But he was proud and angry, and said, “They
are of no use in the world.
I would not care if they always stayed away.”
Hong-Mo answered, “You are not the only Chicken in the world. I want the others to come back. If you drive them all away, you will surely see trouble.”
But the King laughed and jumped up on the fence and crowed. “Nga-Un-Gan-Yu-Na” (cock-a-doodle-doo-oo) in a loud voice. “I don’t care for you! I don’t care for you!”
Hong-Mo went out and called the Chickens, and she hunted long through the twilight until the dark night came, but she could not find them. The next morning early she went to the vegetable garden, and there she found her Chickens. They were glad to see her, and bowed their heads and flew to her.
Hong-Mo said, “What are you doing? Why do you children stay out here, when I have given you a good house to live in?”
The Secretary told her all about the trouble with the King.
Hong-Mo said, “Now you must be friendly to each other. Come with me, and I will bring you and your King together. We must have peace here.”
When the Chickens came to where the King was he walked about, and scraped his wings on the ground, and sharpened his spurs. His people had come to make peace, and they bowed their heads and looked happy when they saw their King. But he still walked about alone and would not bow.
He said, “I am a King—always a King. Do you know that? You bow your heads and think that pleases me. But what do I care? I should not care if there was never another Chicken in the world but myself. I am King.”
And he hopped up on a tree and sang some war songs. But suddenly an eagle who heard him, flew down and caught him in his talons and carried him away. And the Chickens never saw their proud, quarrelsome King again.
EE-SZE (Meaning): No position in life is so high that it gives the right to be proud and quarrelsome.
The Hen and the Chinese Mountain Turtle
Four hundred and fifty years ago in Lze-Cheung Province, Western China, there lived an old farmer named Ah-Po.

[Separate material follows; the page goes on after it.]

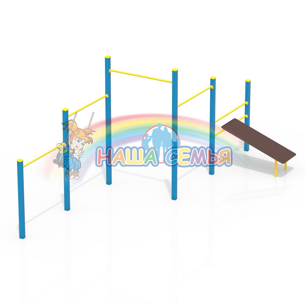 Турник Тип 7 — это целый комплекс турников с дополнительным спортивным снарядом для упражнений на пресс. Заниматься могут одновременно до пяти человек. Один из базовых элементов воркаута — это подтягивание. Оно помогает задействовать одновременно несколько групп мышц: мышц рук, грудные мышцы, мышцы спины и пресса. Устанавливается турник Тип 7 на открытом воздухе на любой площадке: в парках, во дворах школ, во дворах жилых домов.

The young farmers all said Ah-Po knew everything. If they wanted to know when it would rain, they asked Ah-Po, and when he said: “It will not rain to-morrow,” or, “You will need your bamboo-hat this time to-morrow,” it was as he said. He knew all about the things of nature and how to make the earth yield best her fruits and seeds, and some said he was a prophet.
One day Ah-Po caught a fine Mountain Turtle. It was so large that it took both of Ah-Po’s sons to carry it home. They tied its legs together and hung it on a strong stick, and each son put an end of the stick on his shoulder.
Ah-Po said, “We will not kill the Turtle. He is too old to eat, and I think we will keep him and watch the rings grow around his legs each year.” So they gave him a corner in the barnyard and fed him rice and water.